Task objective
From the line below containing "Locandina cinema ''Alien'', 1979" to the final line, print each line exactly as written. No pictures belong in the copy.

[Records drawn from a dataset]
________

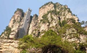 این اسانسور مسافرانش را تا ۳۳۰ متر بالای قله کوه در هانان چین می برد. این آسانسور غول پیکر میتواند تا ۵۰ نفر را همزمان به بالا بفرستد. این منطقه در چین سالانه ۵ میلیون گردشگر دارد و قبل از این آسانسو، گردشگرانی که مایل به کوه نوردی بودند مسیر ۳ ساعته را تا بالای کوه می پیمودند.
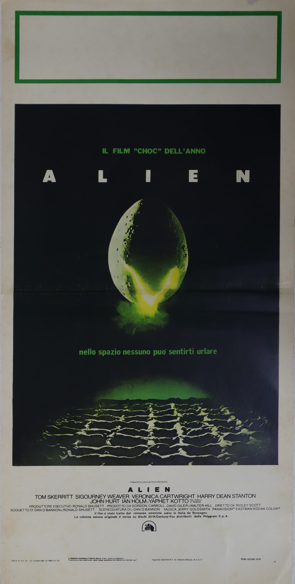 Locandina cinema ''Alien'', 1979 cm 70 x cm 33 Prima Edizione Italiana, printed in Italy, datato in basso a destra, normali segni d'uso
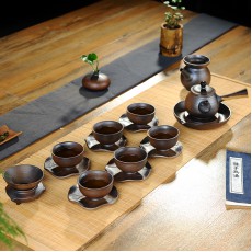 艺创 手工制作粗陶柴烧整套功夫木柄茶具 陶瓷 侧把 壶承礼盒
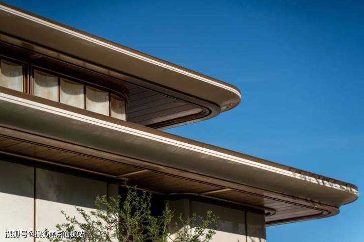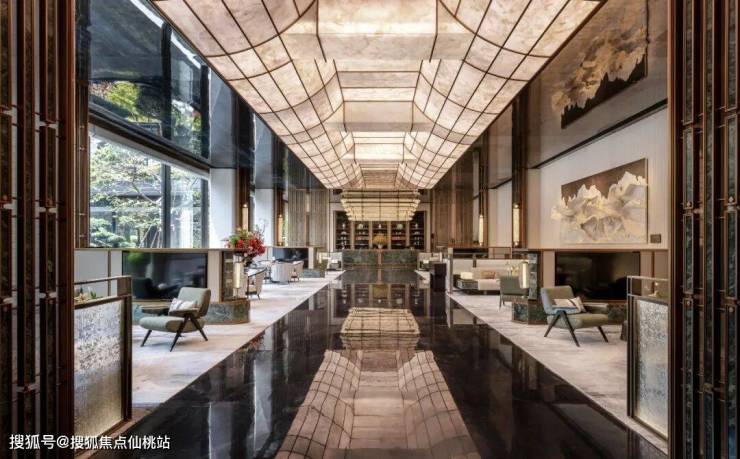 楼盘大门仍然是建发标志性的重檐庑殿顶,但这一次,他们用圆润的曲线取代了飞檐翘角,把煊赫的坡屋顶意象藏在了大堂室内的天花板上。这大概就是朱熹所说的「安舒而不矜肆」。
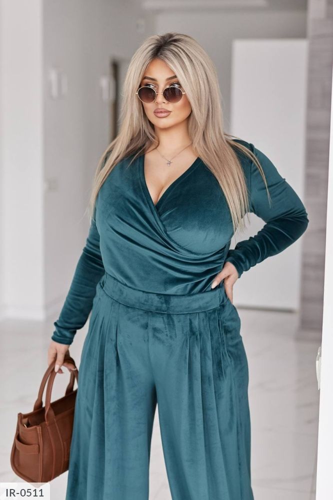 Стильний жіночий костюм у трендових відтінках, що поєднує комфорт і витончену жіночність. Виконаний з мякого, приємного до тіла велюру з легким благородним блиском, який красиво переливається при русі.
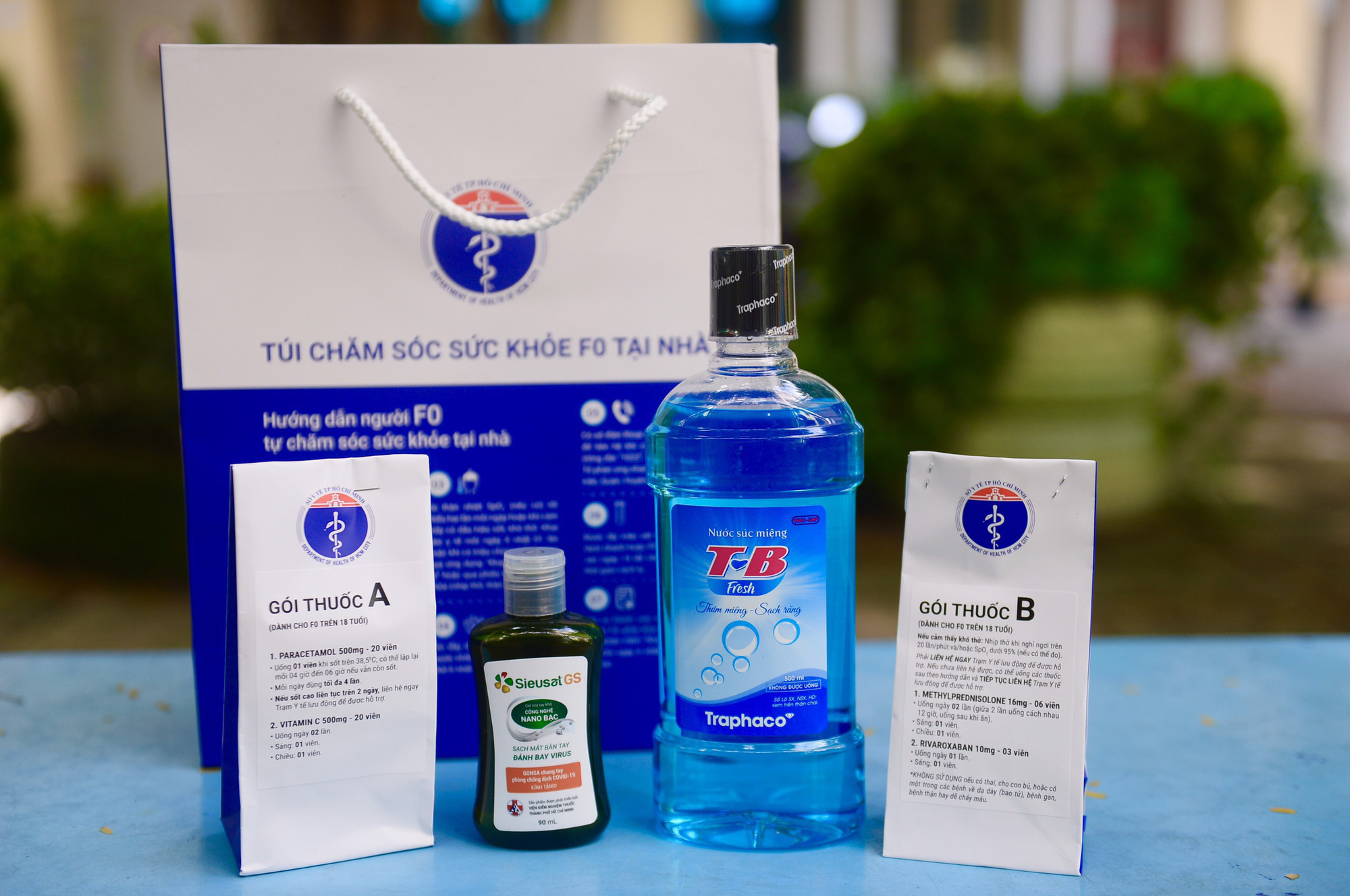 Cụ thể trong túi thuốc mà mỗi bệnh nhân F0 nhận được bao gồm Paracetamol 500g (10 viên), Acetylcystein (10 gói), MultiVitamin (10 viên), nước sát khuẩn hầu họng (1 lọ), nước muối 0.9% (Natri Clorid 0,9%), viên C sủi Uscadimin C1g (10 viên), khẩu trang. Kèm theo mỗi túi thuốc là phiếu hướng dẫn sử dụng cụ thể.

________

Solved problem
 Locandina cinema ''Alien'', 1979 cm 70 x cm 33 Prima Edizione Italiana, printed in Italy, datato in basso a destra, normali segni d'uso
 艺创 手工制作粗陶柴烧整套功夫木柄茶具 陶瓷 侧把 壶承礼盒
 楼盘大门仍然是建发标志性的重檐庑殿顶,但这一次,他们用圆润的曲线取代了飞檐翘角,把煊赫的坡屋顶意象藏在了大堂室内的天花板上。这大概就是朱熹所说的「安舒而不矜肆」。
 Стильний жіночий костюм у трендових відтінках, що поєднує комфорт і витончену жіночність. Виконаний з мякого, приємного до тіла велюру з легким благородним блиском, який красиво переливається при русі.
 Cụ thể trong túi thuốc mà mỗi bệnh nhân F0 nhận được bao gồm Paracetamol 500g (10 viên), Acetylcystein (10 gói), MultiVitamin (10 viên), nước sát khuẩn hầu họng (1 lọ), nước muối 0.9% (Natri Clorid 0,9%), viên C sủi Uscadimin C1g (10 viên), khẩu trang. Kèm theo mỗi túi thuốc là phiếu hướng dẫn sử dụng cụ thể.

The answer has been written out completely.